(Extracted data entries)
-=-=-=-=-

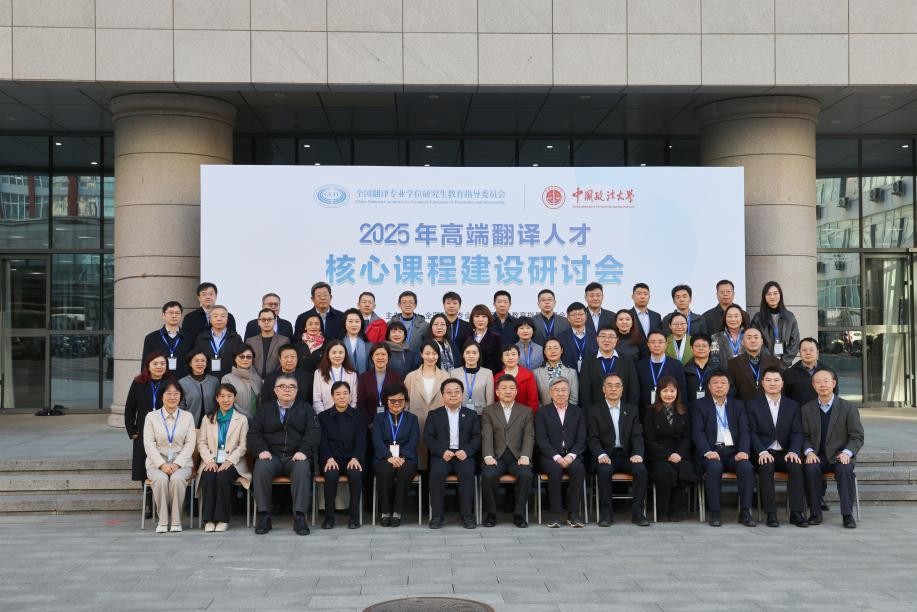 11月13日,由全国翻译专业学位研究生教育指导委员会(以下简称“全国翻译教指委”)主办、中国政法大学外国语学院承办的2025年高端翻译人才核心课程建设研讨会在中国政法大学召开。中国外文局副局长、全国翻译教指委主任委员于涛,中国政法大学副校长于飞出席会议。全国翻译教指委专家、翻译博士专业学位(DTI)授权点、申请自设DTI的多所院校代表以及多家企业代表参加会议。
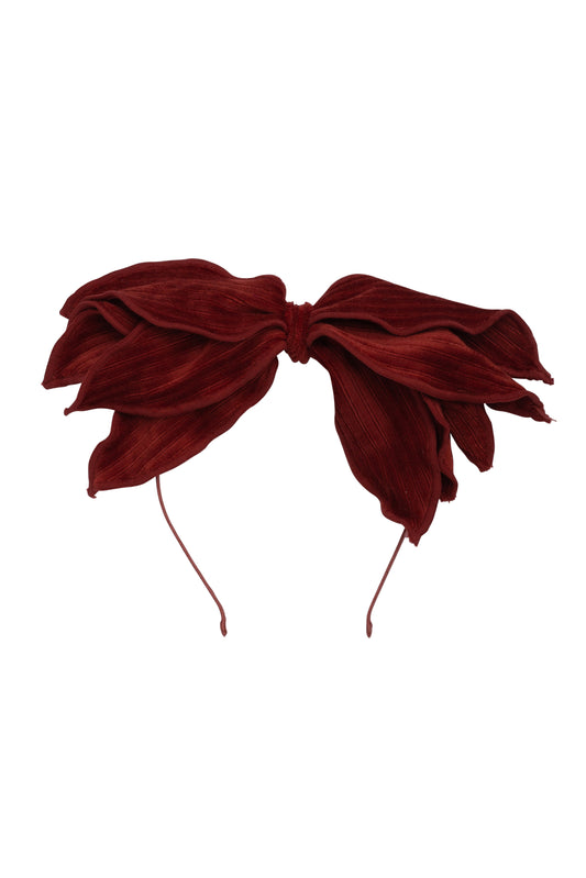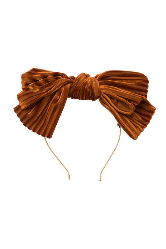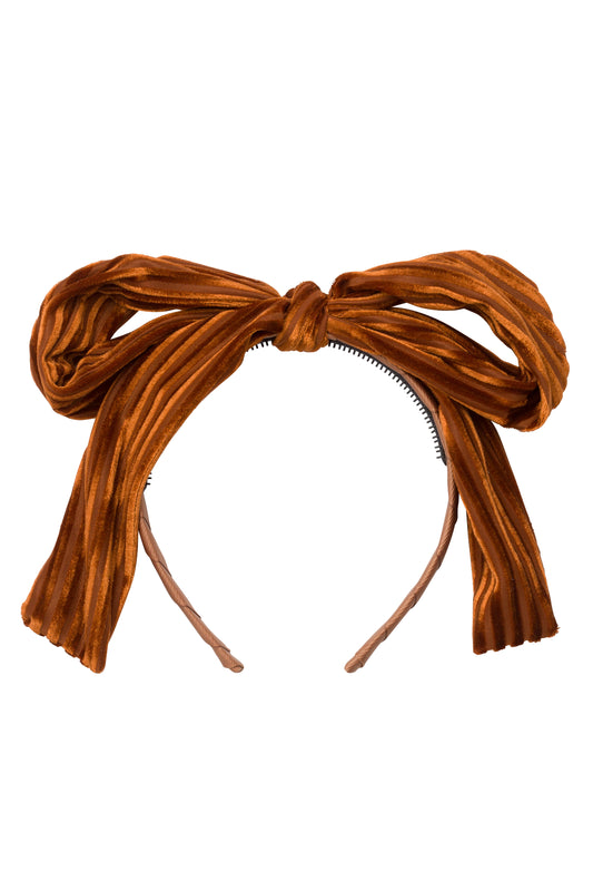Party Bow Headband - Rust Velvet Stripe
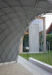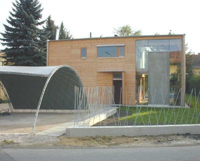 Zum Schluss wurden aus den gewölbten Netzflächen die benötigten Öffnungen geschnitten und Konstruktion mit einer silberfarbenen Lastwagenplane überdeckt. Beim Gartenzaun legten die Architekten sogar selbst Hand an. Rippentorstahlstäbe wurden einer choreographischen Inszenierung gleich im Betonfundament verankert und bilden eine zarte Barriere. Dem Ankommen, Sich- Zurückziehen, Sich-im-Raum-Entfalten und der Aktivität im Freien haben die Architekten eine sorgfältig auf Bewohnermentalität und Gegend abgestimmte Kulisse geschaffen. Das „Haus Isolde“ ist zwar kein Ferienhaus, aber ein Ort, in dem das Wohnen als Freizeitbeschäftigung bewusst genossen werden kann.
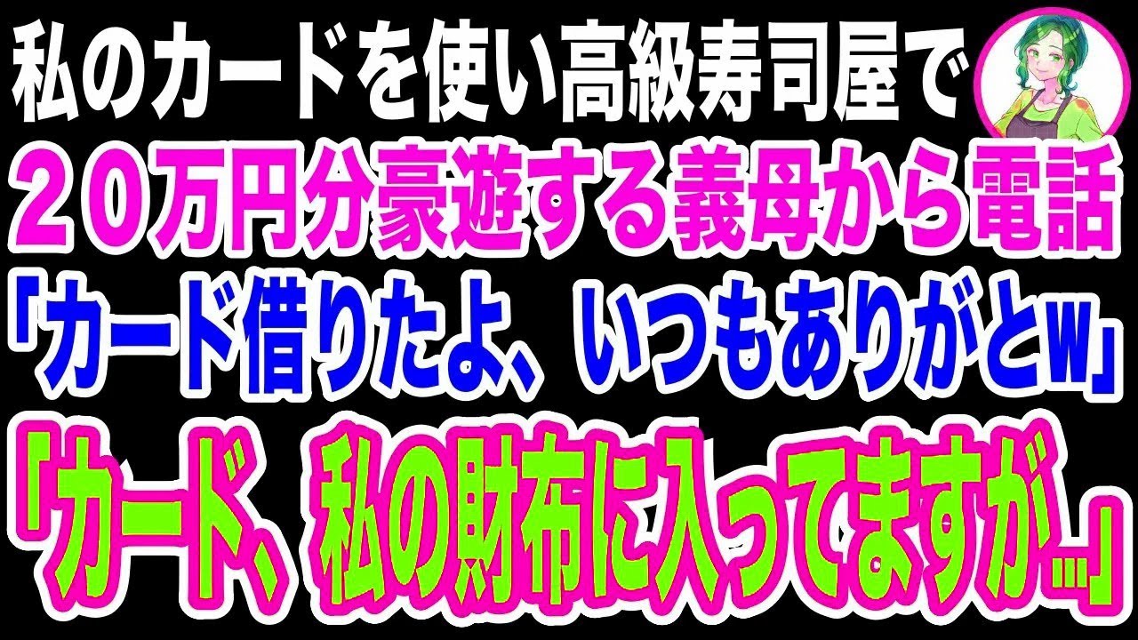 【スカッと】私のクレジットカードを勝手に使い高級寿司屋で20万円分豪遊する義母から電話「カード借りたから支払いよろしくw」私「カード、私の財布に入ってますが…」義母「え?」→衝撃の事実が…
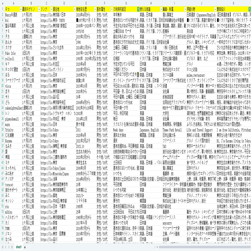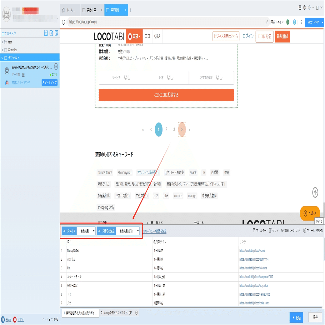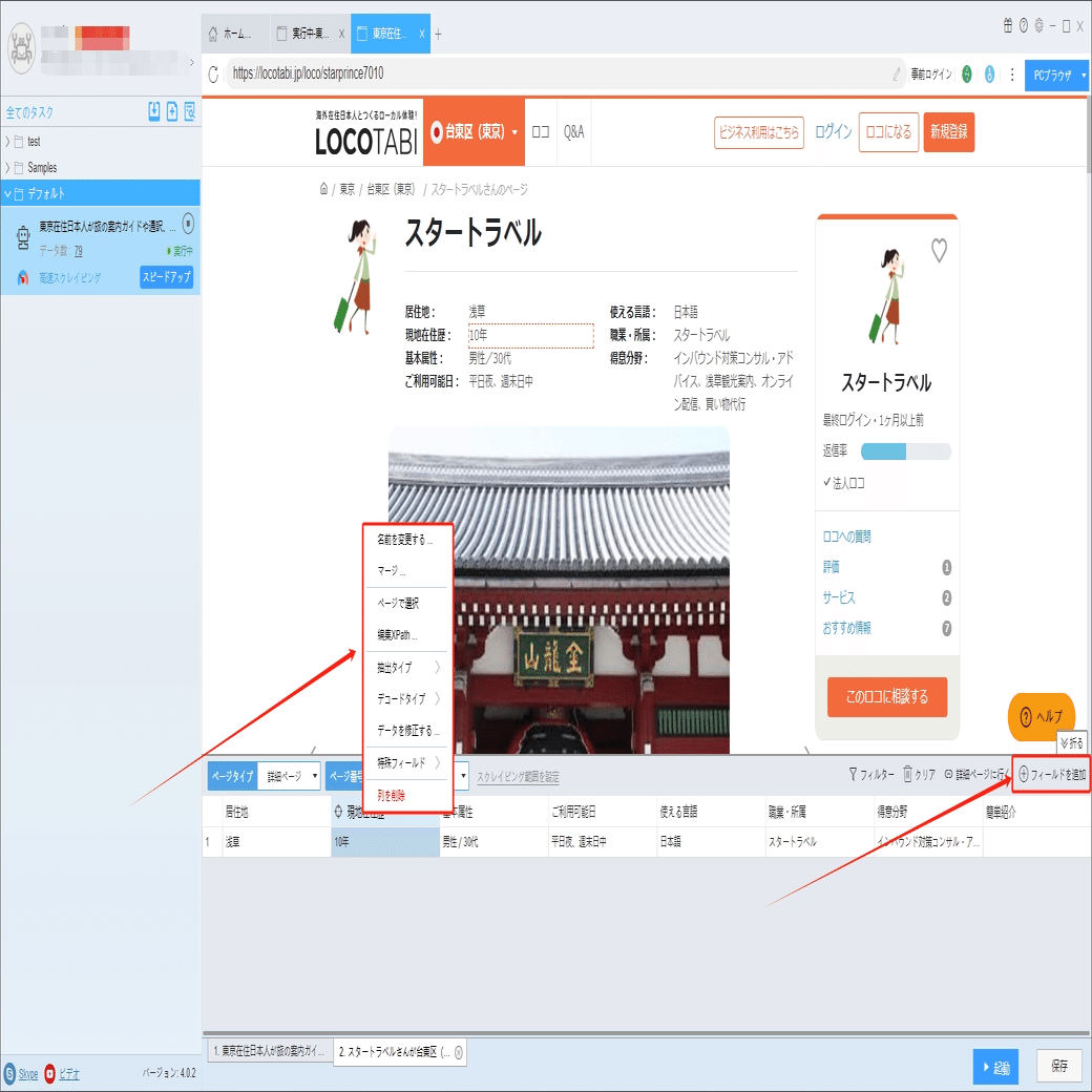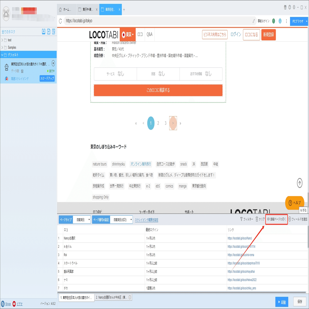 ソフトウェアの「詳細ページに行く」機能を利用し、現地在住歴、ご利用可能日、得意分野などの情報を抽出します。
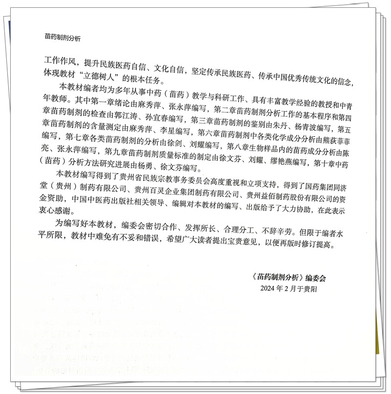 苗药制剂分析 徐文芬 张永萍 主编 全国中医药行业高等教育十四五创新教材
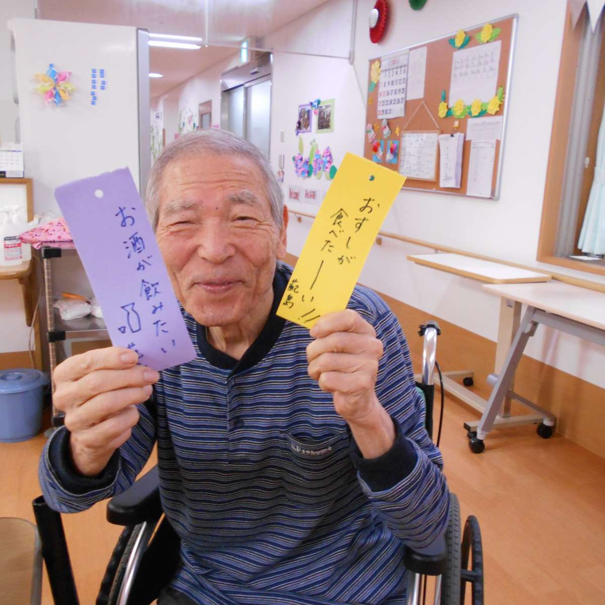 などの会話が飛び交っていました。 飾りつけをしていると、ご家族の方が見え一緒に書いた短冊を見て 『これ俺が書いたんだよ(^^)v』と楽しそうでした♪ 皆が書いた短冊や飾りを見映えよく飾ってくださるK様! みんなの願いが叶いますように(^人^)
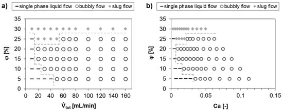 Single-phase liquid flow is obtained at small total volumetric flow rates and low void fractions according to Figure 7a. Minimum volumetric gas flow rate with the gas flow meter is = 3 mL/min. At increased flow rates, bubbly flow is obtained for void fractions < 20%. Here, the liquid phase rapidly entrains bubbles at the T-mixer and bubbles are generated in a dripping regime. Accordingly, capillary numbers are in the range of 0.01 < < 0.1, see Figure 7b. This matches the literature data well [48]. For bubbly flow, shear stress caused by the continuous phase drove and collapsed the gaseous thread. Values of > 20% quickly lead to a transition from dripping to squeezing regime and from bubbly to slug flow pattern. At = 30%, exclusively slug flow is found in the investigated range. Here, pressure in the obstructed liquid phase is the main driver for bubble generation. Comparably high gaseous flow rates result in complete filling of the main channel by the gaseous phase. Surface tension is prominent, indicated by small numbers. The shear stress caused by the liquid phase to the gaseous thread is significantly smaller than the surface tension force in slug flow.
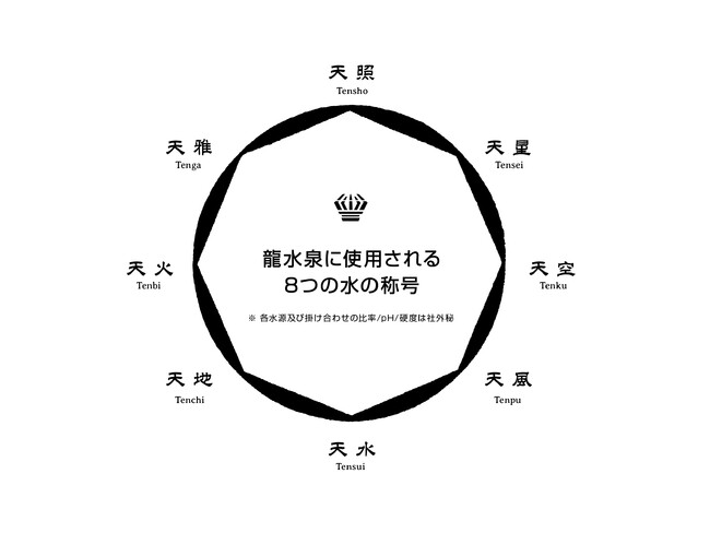 全ての龍水泉商品は、「軟水同士」「軟水と硬水」といった具合に複数の水を掛け合わせ、各商品にとって最適解な仕込み水を用意しており、商品名の頭に<天照・天雅・天星・天空・天火・天風・天水・天地>のいずれか、水を表す独自の称号が付されます。
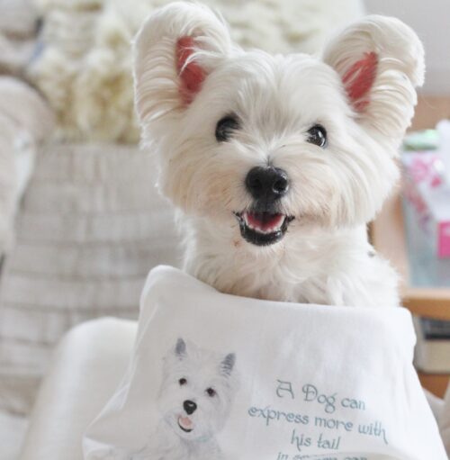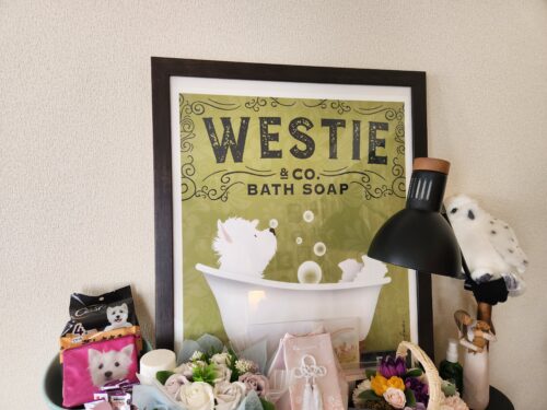 ウェスティの、ぽてっとした体形で、ふんわり、のほほんとした性格がよく表されていて、見ているだけでとにかく癒されるんです。
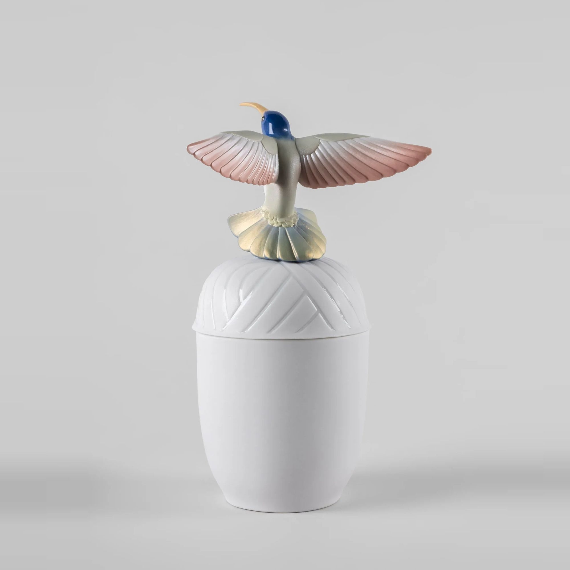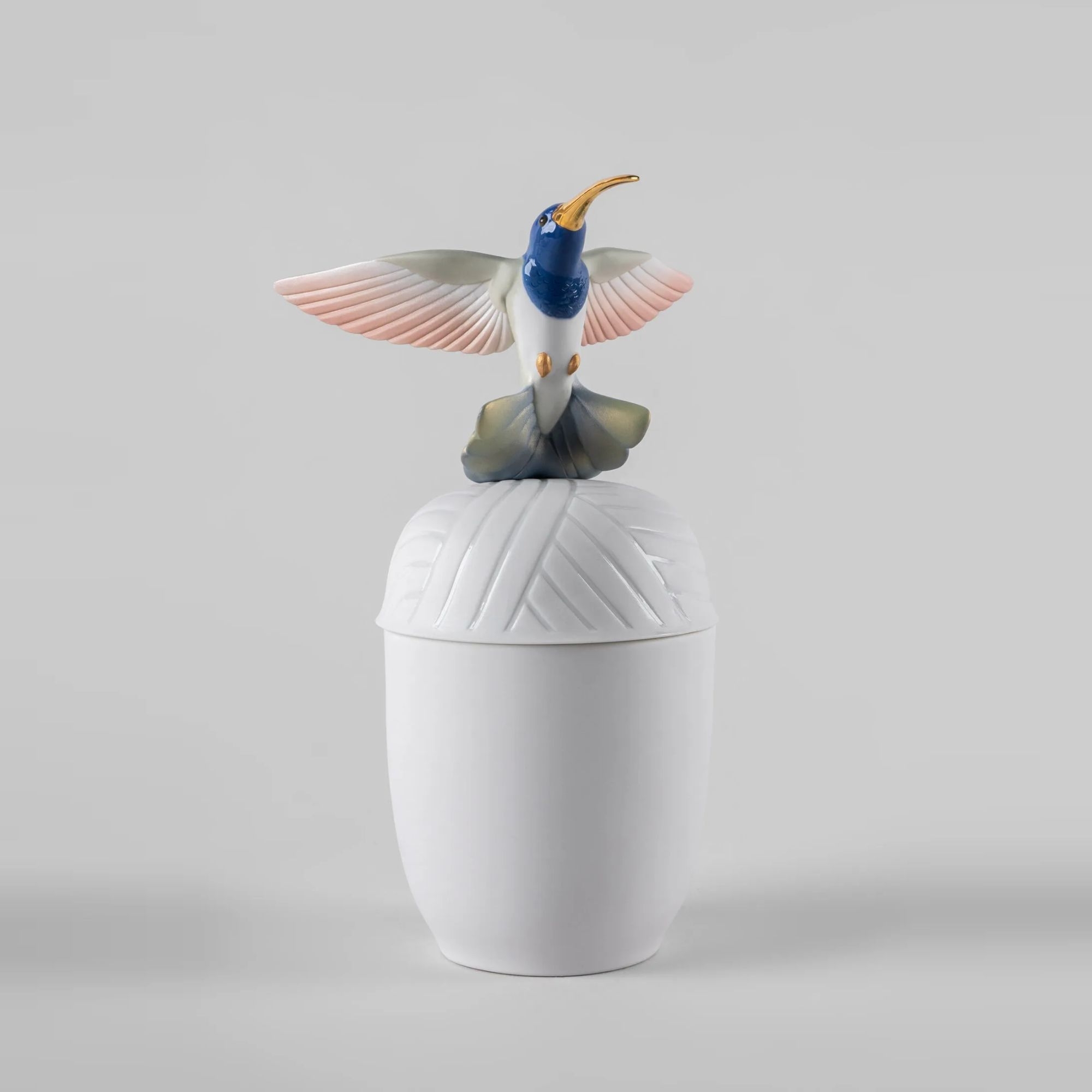 Hummingbird box made of porcelain. Elegant and delicate, this refined casket is crafted from fine porcelain, adorned with a beautiful hummingbird, a symbol of joy and lightness. Its design is not only meant to store your jewelry and small treasures but also to add a touch of elegance and nature to your home. Every detail has been carefully crafted to pay homage to the delicacy and vivacity of the hummingbird, making this casket a truly unique piece. Perfect for those who love to surround themselves with objects that speak of beauty and harmony, the Hummingbird casket successfully combines functionality and aesthetics in a single, charming home accessory.

-=-=-=-=-

**EXERCISE REQUIREMENTS:**
Copy the final stretch of the entries exactly: the line containing "全ての龍水泉商品は、「軟水同" and every line after it through the last. Include no pictures and nothing more.

**PROBLEM SOLUTION:**
 全ての龍水泉商品は、「軟水同士」「軟水と硬水」といった具合に複数の水を掛け合わせ、各商品にとって最適解な仕込み水を用意しており、商品名の頭に<天照・天雅・天星・天空・天火・天風・天水・天地>のいずれか、水を表す独自の称号が付されます。
 ウェスティの、ぽてっとした体形で、ふんわり、のほほんとした性格がよく表されていて、見ているだけでとにかく癒されるんです。
 Hummingbird box made of porcelain. Elegant and delicate, this refined casket is crafted from fine porcelain, adorned with a beautiful hummingbird, a symbol of joy and lightness. Its design is not only meant to store your jewelry and small treasures but also to add a touch of elegance and nature to your home. Every detail has been carefully crafted to pay homage to the delicacy and vivacity of the hummingbird, making this casket a truly unique piece. Perfect for those who love to surround themselves with objects that speak of beauty and harmony, the Hummingbird casket successfully combines functionality and aesthetics in a single, charming home accessory.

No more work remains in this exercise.